Так что же такого пакостного написал о России этот «истинный джентльмен»? А написал он гнусный пасквиль на русских людей, причем в значительной мере для того, чтобы угодить современному ему читателю, падкому на экзотические росказни о русском медведе и казаках-разбойниках. Ну и в расчете заработать на этом деле круглую сумму. Напомню, что речь идет о трех стихотворениях, написанных в форме писем и адресованных некоему «мастеру» Эдварду Дэнси и незнакомым нам мистеру Спенсеру с мистером Паркером. Были такие люди, не были, историческая наука не в курсе, однако для нас, это, собственно говоря, не важно. Упомянутые стихотворения Тербервиля по меньшей мере дважды переводились на русский язык, и я буду приводить отрывки из них в переводе лауреата государственной премии Григория Михайловича Кружкова — доктора филологических наук, профессора, считающегося одним из лучших переводчиков англоязычной поэзии.
Эпистолы написаны рифмованными двустишиями, старинным английским «размером птичницы», то есть количество слогов в строках меняется в пределах 12-14. Британские исследователи полагают, что Тербервиль здесь подражает скорбной манере Овидия («Письма с Понта») и черпает информацию о нашей стране из книги папского посла в России Сигизмунда Герберштейна «Записки из Московии». Отдельные картины, нарисованные «пером мастера», не лишены живости и колорита, многие его суждения желчны и высокомерны, некоторые просты ошибочны. Нельзя не почувствовать, что Тербервиль с превосходством и презрением смотрит на московитов, как бы советуя читателю-европейцу воздержаться от поездок в медвежий угол, коим ему представляется Россия. Но давайте по порядку.

Первым делом автор спешит поведать нам о беспробудном пьянстве русского человека, который даже не закусывает:
 «Пиянство тут закон, а кружка — старшина,
И самой трезвой голове раз в день она нужна.»

Объективно говоря, известные основания для обвинения нас в алкоголизме, у Тербервиля есть. Достаточно вспомнить крылатое выражение Красного Солнышка «Руси есть веселие пити». По сообщению Герберштейна, все официальные приемы при царском дворе начинались с водки под жареного журавля, после чего пирующие обязаны были пить мальвазию, "греческие вина" и разного рода меды. "Ибо за хороший прием и роскошное угощение считается у них только то, когда гости напоены допьяна", - свидетельствует Герберштейн. Однако он же утверждает, что в царствование Ивана III большинству московитов разрешалось вкушать вина и меды только по церковным праздникам. Исключение составляли, по словам Герберштейна, дружинники великого князя.
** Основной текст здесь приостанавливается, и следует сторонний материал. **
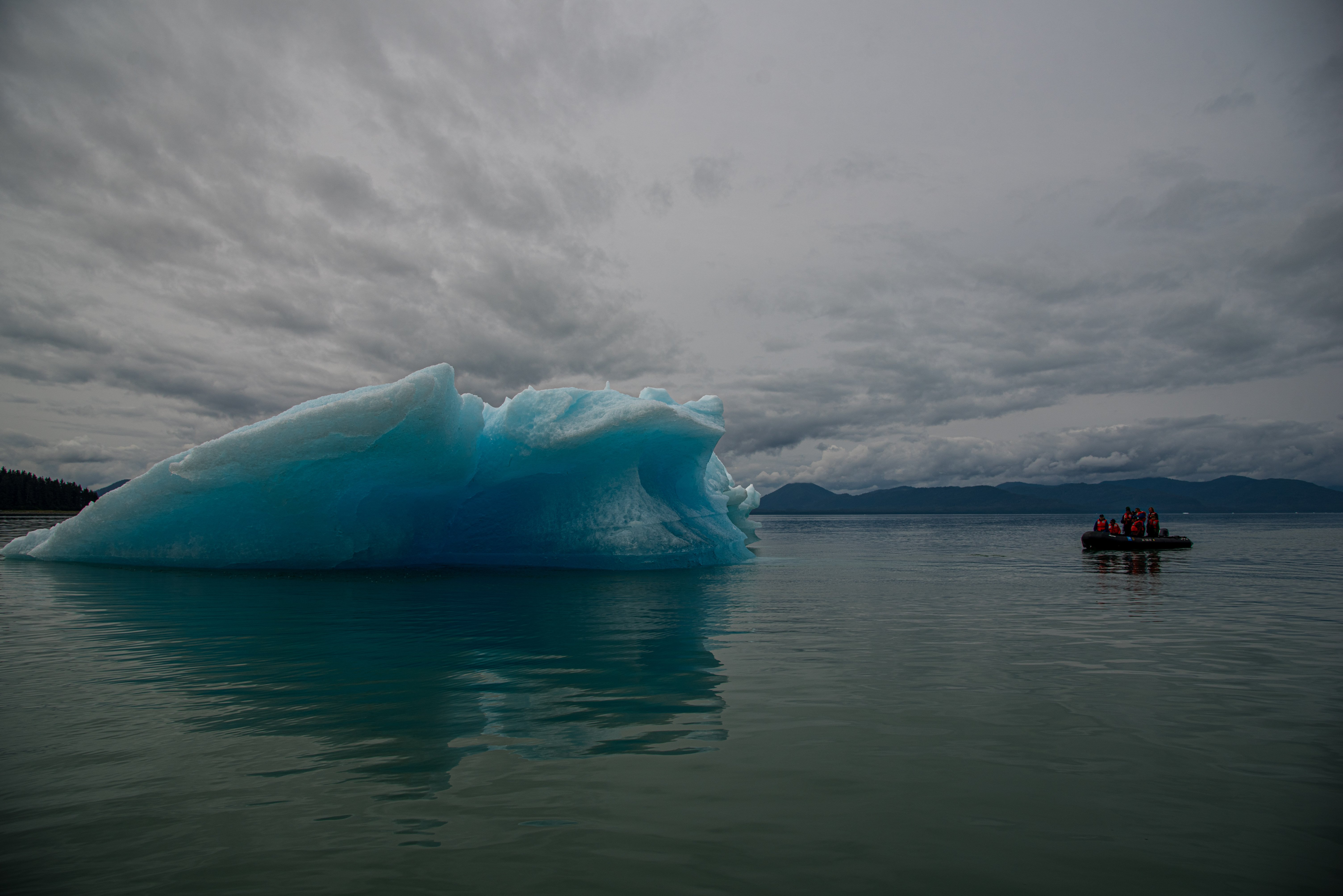 Just as breakfast ended, the calf began to breach and tail slap as it waited for its mother, a perfect Southeast Alaska picture completed by layers of islands and mountains behind it. Some of us hopped into kayaks to explore the mouth of a salmon stream, catching glimpses of bears fishing for salmon and harbor seals resting on a sand bar. Others went out in Zodiacs to watch the humpback whales and came upon one sleeping at the surface, breathing every few minutes.

К тому же сам автор чуть ниже сообщает нам, что первым напитком для всех русских от мужика до царя является «терпкий и приятный» kvas, который вовсе «не хмелен», в то время, myod занимает лишь второе место.
Эх, были ж времена, когда русские люди принимали на грудь пенные меды! Чудный, полезный, насыщенный витаминами напиток (употребляемый в умеренных дозах, разумеется)! Так, что здесь я автора решительно не понимаю и ответственно заявляю, что на тогдашнюю действительность он гнусно клевещет! Да и нечего на Россию пенять, коли добрая старая Англия в то время не просыхала.
В доброй старой Англии 16-17 веков народ, включая женщин и детей, жажду утолял исключительно элем или сидром, которые по градусам были вполне сопоставимы с нашим квасом. Духовенство - на то есть документальные подтверждения - баловалось в тех же целях кларетом, а многие, от презренных актеров до аристократов - импортным вином.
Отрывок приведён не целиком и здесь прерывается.